## EXERCISE MATERIALS

▬▬▬

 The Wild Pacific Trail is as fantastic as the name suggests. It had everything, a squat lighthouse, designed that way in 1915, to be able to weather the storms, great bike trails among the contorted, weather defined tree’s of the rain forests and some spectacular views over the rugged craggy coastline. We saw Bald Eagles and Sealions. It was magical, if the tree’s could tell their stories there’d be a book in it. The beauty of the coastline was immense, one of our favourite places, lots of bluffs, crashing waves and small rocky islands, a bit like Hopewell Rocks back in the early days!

▬▬▬

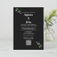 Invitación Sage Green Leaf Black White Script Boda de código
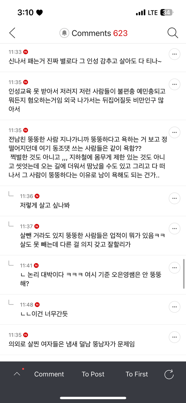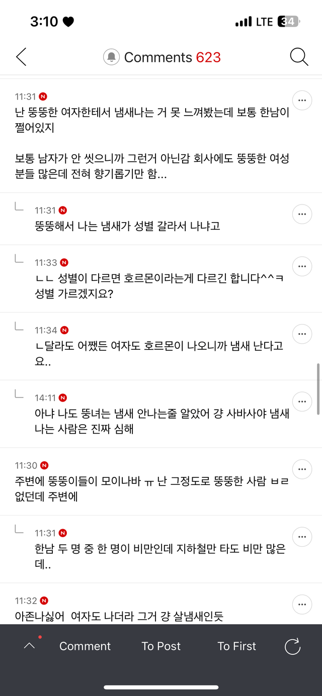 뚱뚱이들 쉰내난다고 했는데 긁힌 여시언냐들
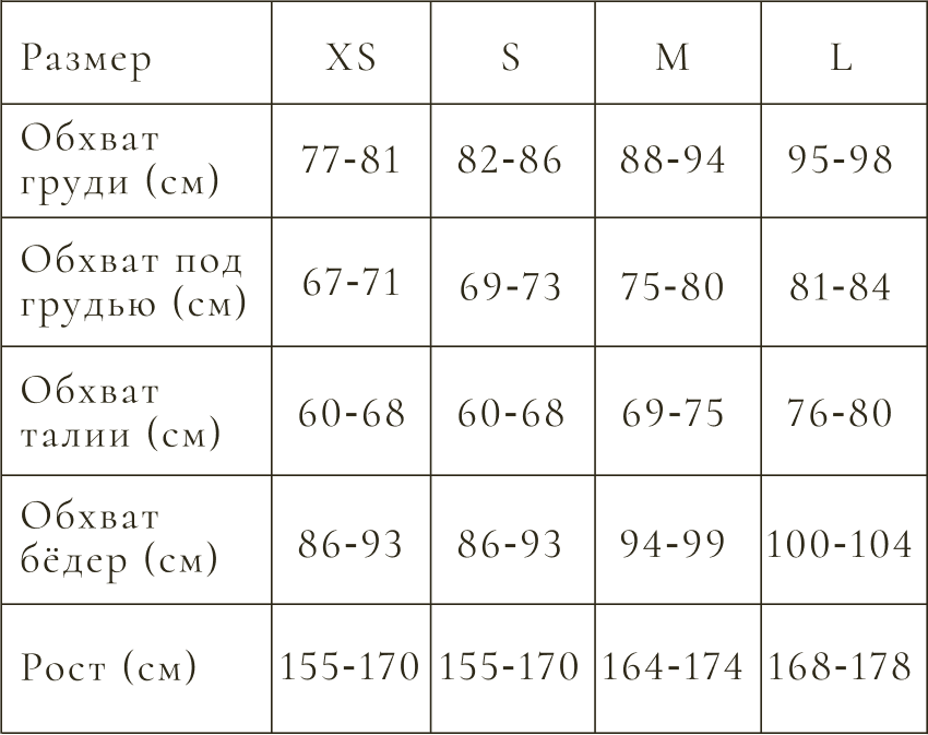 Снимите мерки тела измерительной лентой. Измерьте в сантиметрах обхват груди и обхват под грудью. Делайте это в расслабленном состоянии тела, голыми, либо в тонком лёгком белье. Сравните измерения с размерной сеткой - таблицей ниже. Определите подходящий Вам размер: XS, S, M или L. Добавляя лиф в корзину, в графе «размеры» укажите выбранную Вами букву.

▬▬▬

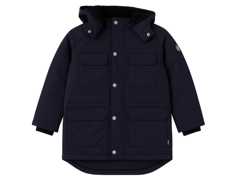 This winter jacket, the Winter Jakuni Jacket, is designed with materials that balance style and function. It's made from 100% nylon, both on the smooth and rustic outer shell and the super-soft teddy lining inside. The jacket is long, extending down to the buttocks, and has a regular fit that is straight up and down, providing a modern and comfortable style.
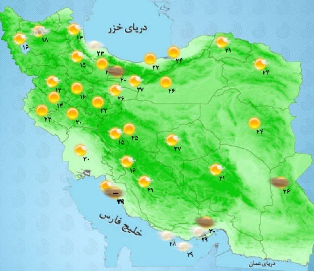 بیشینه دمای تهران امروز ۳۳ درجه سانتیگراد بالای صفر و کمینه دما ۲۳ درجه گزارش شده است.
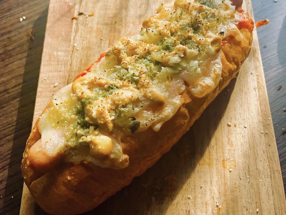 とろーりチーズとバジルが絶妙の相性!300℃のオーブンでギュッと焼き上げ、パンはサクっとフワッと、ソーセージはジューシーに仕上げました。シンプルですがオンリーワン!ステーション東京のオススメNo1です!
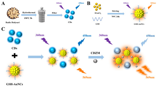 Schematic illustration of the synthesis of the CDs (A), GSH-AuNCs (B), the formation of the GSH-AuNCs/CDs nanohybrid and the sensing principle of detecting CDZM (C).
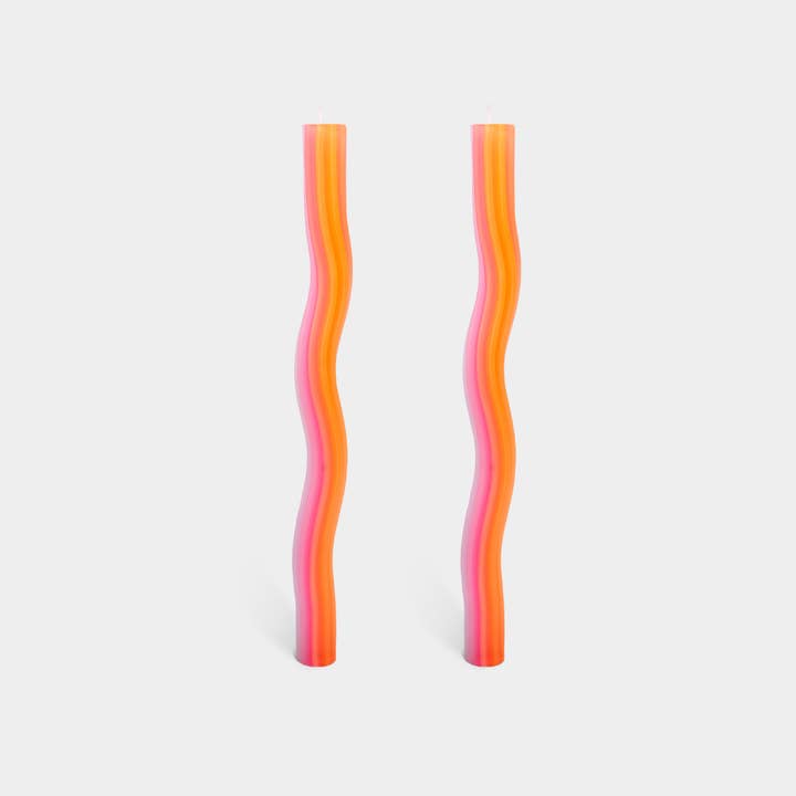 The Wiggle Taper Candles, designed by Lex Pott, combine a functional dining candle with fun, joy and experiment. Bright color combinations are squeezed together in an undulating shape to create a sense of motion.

▬▬▬

## AIM OF THE EXERCISE
Of the lines above, quote exactly those from the one with "とろーりチーズとバジルが絶妙" through the one with "The Wiggle Taper", ends included; pictures stay out.

## SOLUTION TO THIS TASK
 とろーりチーズとバジルが絶妙の相性!300℃のオーブンでギュッと焼き上げ、パンはサクっとフワッと、ソーセージはジューシーに仕上げました。シンプルですがオンリーワン!ステーション東京のオススメNo1です!
 Schematic illustration of the synthesis of the CDs (A), GSH-AuNCs (B), the formation of the GSH-AuNCs/CDs nanohybrid and the sensing principle of detecting CDZM (C).
 The Wiggle Taper Candles, designed by Lex Pott, combine a functional dining candle with fun, joy and experiment. Bright color combinations are squeezed together in an undulating shape to create a sense of motion.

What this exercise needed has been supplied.